## EXERCISE DETAILS
Taking only the lines of the data below from the line with "ENTRANCE A fire" to the line with "This Ajrak print", ends included, write them out exactly and without pictures.

## EXCERPTED RECORDS
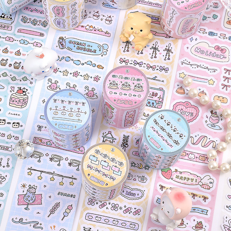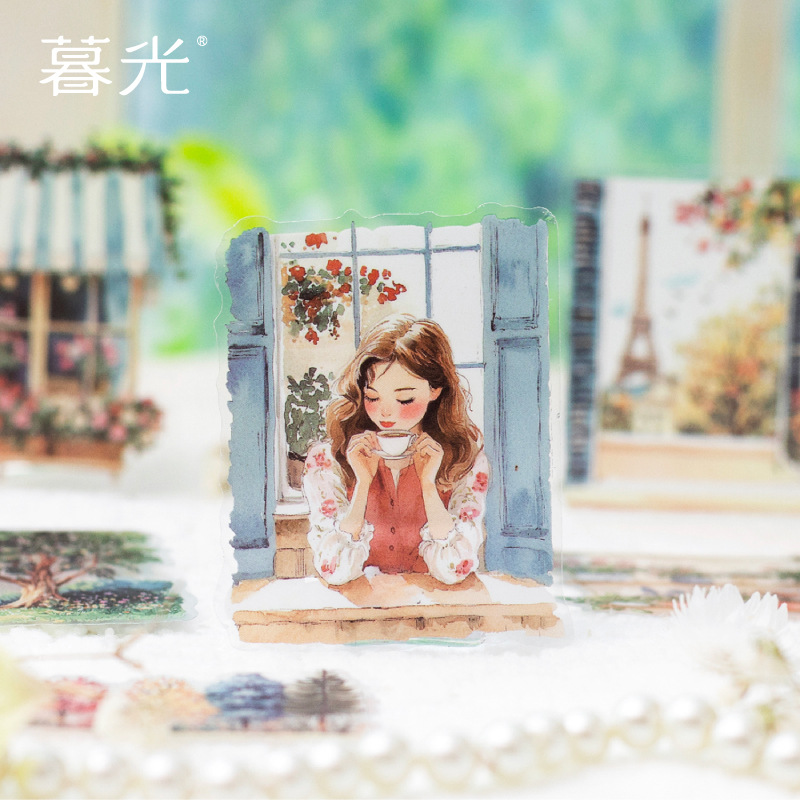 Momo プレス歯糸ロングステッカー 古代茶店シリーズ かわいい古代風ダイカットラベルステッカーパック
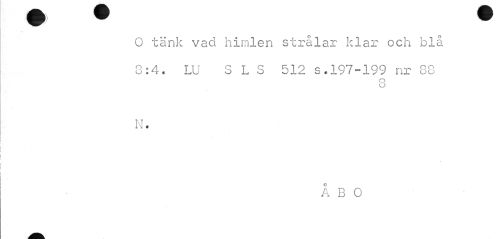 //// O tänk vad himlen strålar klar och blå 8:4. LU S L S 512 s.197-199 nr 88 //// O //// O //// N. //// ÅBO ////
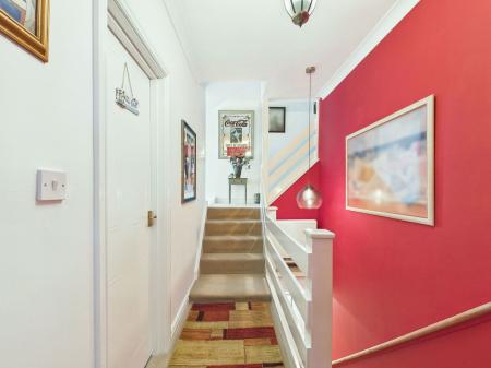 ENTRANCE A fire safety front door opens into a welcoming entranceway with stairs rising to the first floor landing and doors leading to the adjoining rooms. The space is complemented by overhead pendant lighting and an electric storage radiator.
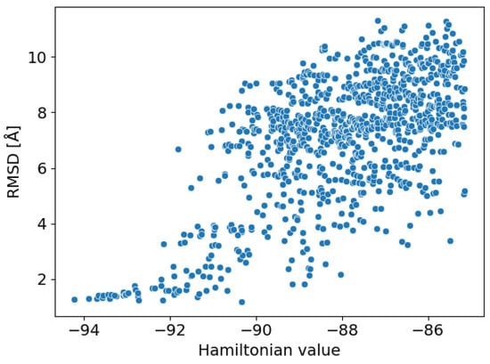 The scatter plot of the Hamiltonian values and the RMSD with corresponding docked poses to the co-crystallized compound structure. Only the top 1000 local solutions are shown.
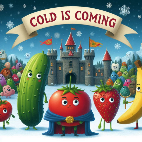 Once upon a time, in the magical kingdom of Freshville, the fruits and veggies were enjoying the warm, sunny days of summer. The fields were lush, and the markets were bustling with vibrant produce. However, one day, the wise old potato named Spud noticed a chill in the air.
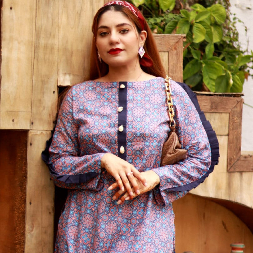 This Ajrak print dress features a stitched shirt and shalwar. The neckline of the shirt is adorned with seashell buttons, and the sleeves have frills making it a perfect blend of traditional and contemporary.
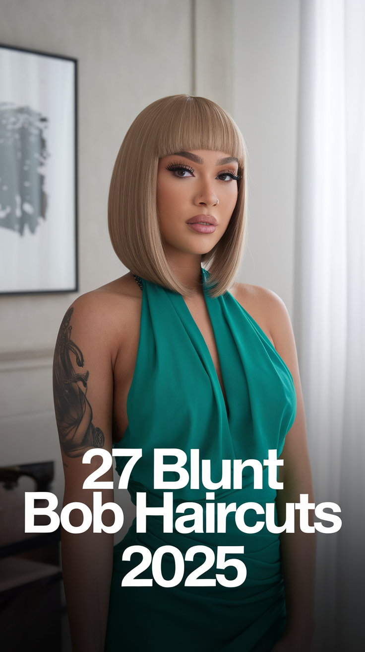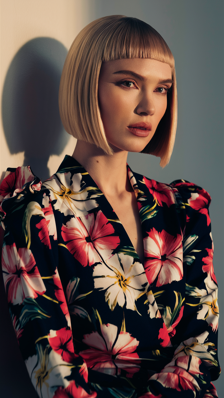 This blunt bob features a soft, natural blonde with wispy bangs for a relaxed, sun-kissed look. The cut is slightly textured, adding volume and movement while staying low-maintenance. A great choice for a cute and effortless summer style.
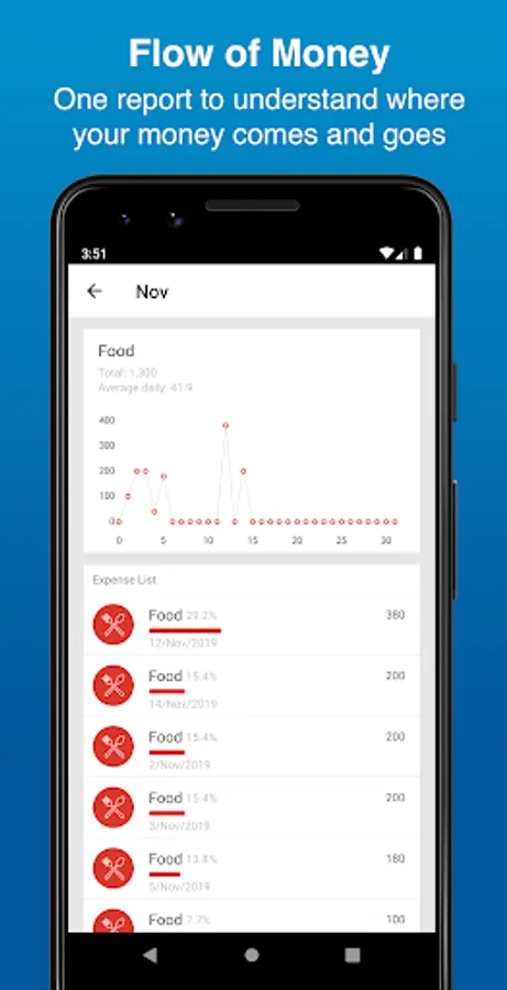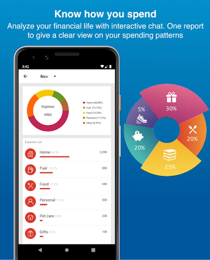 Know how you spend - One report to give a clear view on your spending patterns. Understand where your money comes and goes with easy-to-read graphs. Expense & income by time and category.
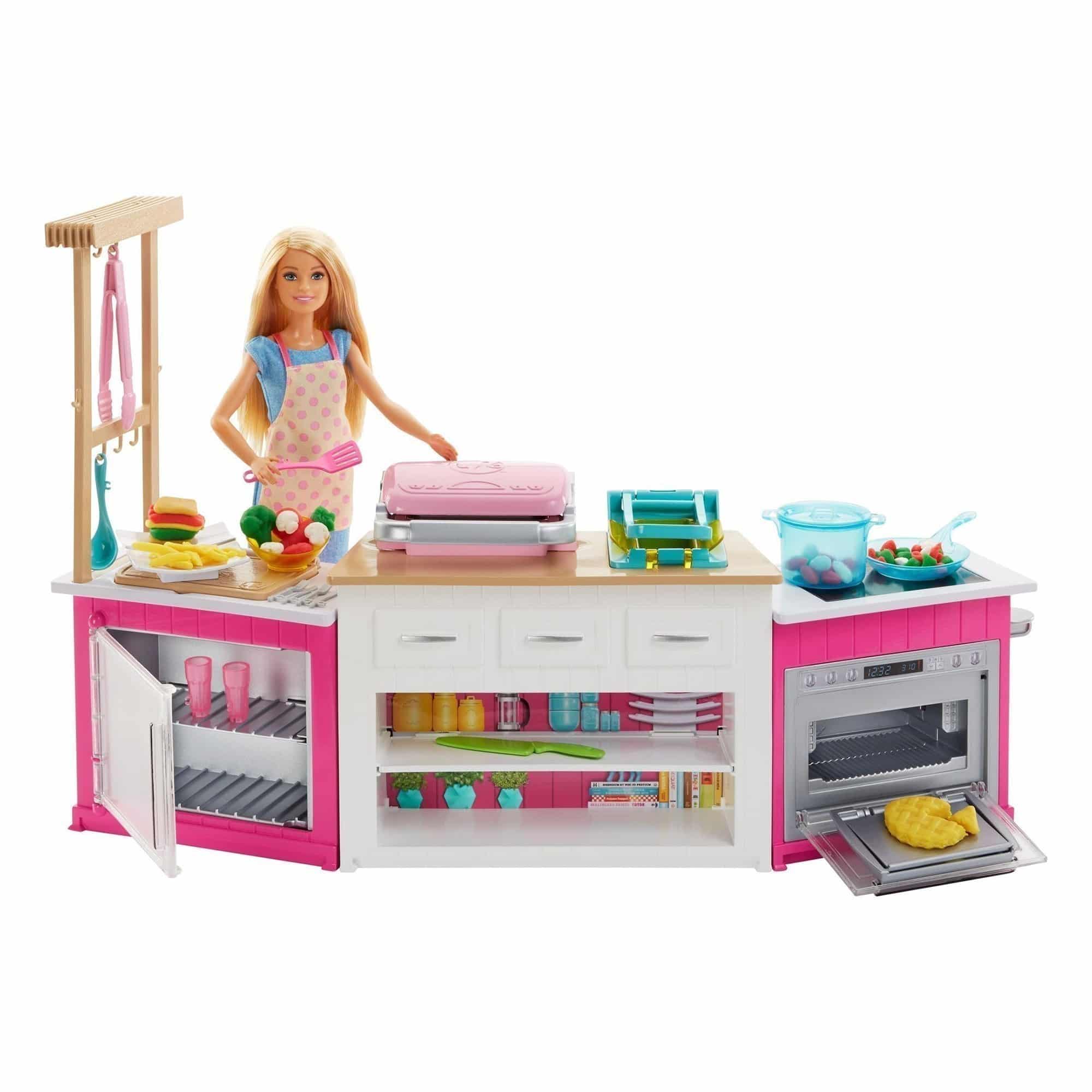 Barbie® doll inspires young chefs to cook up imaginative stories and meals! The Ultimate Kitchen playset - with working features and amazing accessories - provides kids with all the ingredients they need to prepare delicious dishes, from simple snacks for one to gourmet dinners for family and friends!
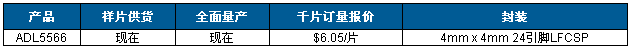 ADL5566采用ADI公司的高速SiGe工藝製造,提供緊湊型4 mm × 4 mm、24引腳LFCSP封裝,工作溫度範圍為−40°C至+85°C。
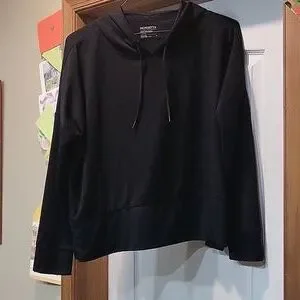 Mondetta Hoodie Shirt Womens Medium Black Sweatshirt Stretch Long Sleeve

## SOLUTION
 ENTRANCE A fire safety front door opens into a welcoming entranceway with stairs rising to the first floor landing and doors leading to the adjoining rooms. The space is complemented by overhead pendant lighting and an electric storage radiator.
 The scatter plot of the Hamiltonian values and the RMSD with corresponding docked poses to the co-crystallized compound structure. Only the top 1000 local solutions are shown.
 Once upon a time, in the magical kingdom of Freshville, the fruits and veggies were enjoying the warm, sunny days of summer. The fields were lush, and the markets were bustling with vibrant produce. However, one day, the wise old potato named Spud noticed a chill in the air.
 This Ajrak print dress features a stitched shirt and shalwar. The neckline of the shirt is adorned with seashell buttons, and the sleeves have frills making it a perfect blend of traditional and contemporary.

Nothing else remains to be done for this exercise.